Here is an answer to a question that has not been asked; namely, does the conclusion hold true ... without any assumption on $\mu$? Roughly speaking, the answer is that if the topology of $X$ has a basis which is "not too big", then the answer is "yes".
Precisely, a cardinal $\kappa$ is said to have measure $0$ if there is no non-zero finite measure defined on all subsets of a set with cardinality $\kappa$ for which every point has measure $0$. Cardinals which do not have measure $0$ are necessarily "very large" (but I'm not able to say much more).
In Oxtoby's book Measure and category, one can find the following result: if $Z$ is a metric space with a basis whose cardinal has measure $0$, and if $\nu$ is a finite Borel measure on $Z$, then the union of any family of open sets with $\nu$-measure $0$ also has $\nu$-measure $0$. (This is Theorem 16.4).
Now, assume that your metric space $(X,d)$ has a basis whose cardinal has measure $0$, and let us try to show that the answer to your question is "yes" in this case.
Let $\mu$ be an arbitrary Borel probability measure on $X$. Fix $\varepsilon >0$, and denote by $\mathcal A$ the family of all sets $A\subset X$ which are unions of countably many balls of radius $\varepsilon$. We have to find a set $A\in\mathcal A$ such that $\mu (A)=1$.
Put $c=\sup\{ \mu(A);\; A\in\mathcal A\}$. Then one can find a sequence $(A_n)\subset \mathcal A\}$ such that $\mu(A_n)\to c$, and the set $A=\bigcup_n A_n$ is in $\mathcal A$ and satisfies $\mu (A)=c$. It is enough to show that $\mu(X\setminus A)=0$.

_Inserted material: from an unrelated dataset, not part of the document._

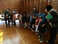 南東北こども園の園児の皆さんが学校見学に来ました。体育館や家庭科室、1年生の教室...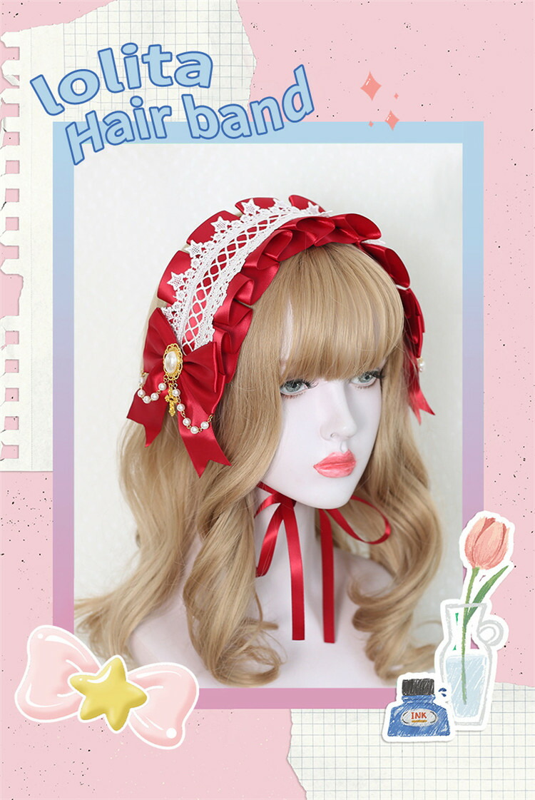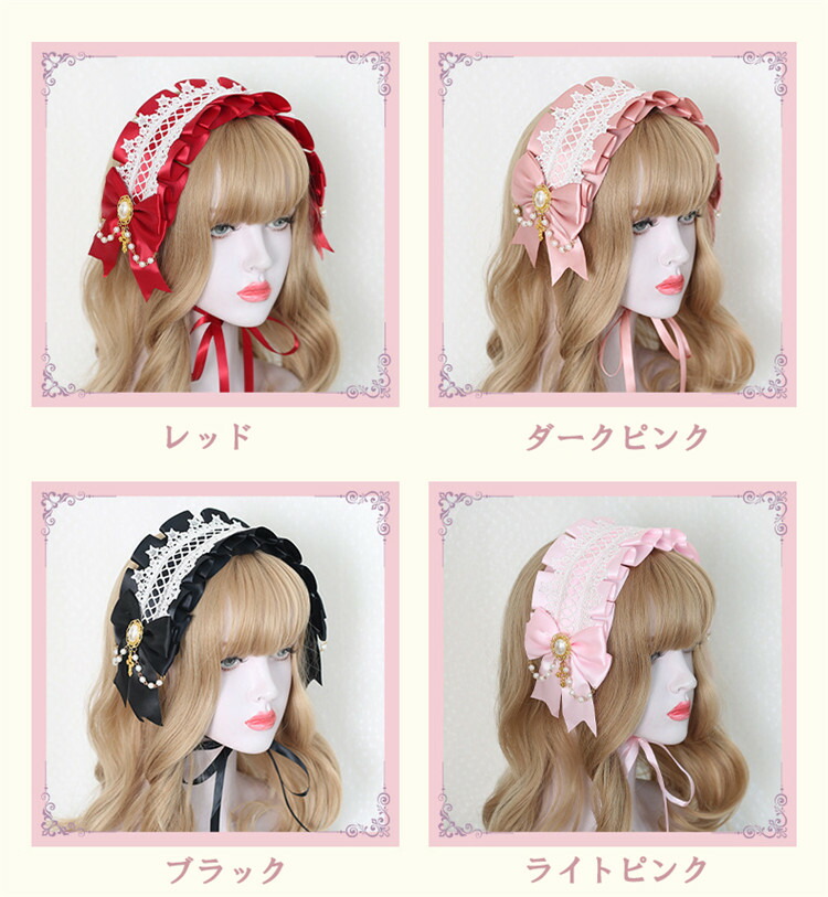 ロリータ ヘッドドレス レディース ゴ ジュエリー アクセサリー 続々登場 レッド ブラック ダークピンク ライトピンク グレー ブルー グリーン ネイビー

Put $Z:=X\setminus A$. Then, by the very definition of $Z$, the following holds true: for any $z\in Z$ we have $\mu(B_\varepsilon(z)\setminus A)=0$. Indeed, if $\mu(B_\varepsilon(z)\setminus A)>0$ for some $z$, then the set $A'=A\cup B_\varepsilon (z)$ is in $\mathcal A$ an satisfies $\mu(A')>c$, which contradicts the definition of $c$.
Now, consider the metric space $(Z,d)$ and the measure $\nu=\mu_{|Z}$. The preceding paragraph says that any open ball with radius $\varepsilon$ in $Z$ has $\nu$-measure $0$. Since $Z$ satisfies the same topological assumption as $X$, it follows from the above theorem from Oxtoby's book that $\nu=0$, i.e. $\mu (Z)=0$ as required.
Without any assumption on the metric space $X$ and the measure $\mu$, the answer can be "no". Consider a set $X$ with cardinality $\kappa$, where $\kappa$ does not have measure $0$, put the discrete measure on $X$ and take any probability measure $\mu$ defined on all subsets of $X$ witnessing that $\kappa$ does not have measure $0$. Then all open balls with radius $1$ have measure $0$, so $X$ cannot be written as a countable almost everywhere union of such balls.
Your assumption implies that your metric space is separable.
Exercise: Suppose a metric space is not separable. Then for some $\epsilon > 0$, one can find an uncountable family of pairwise disjoint open balls each of radius $\epsilon$.
So you can take $K$ to be a countable dense subset of $X$.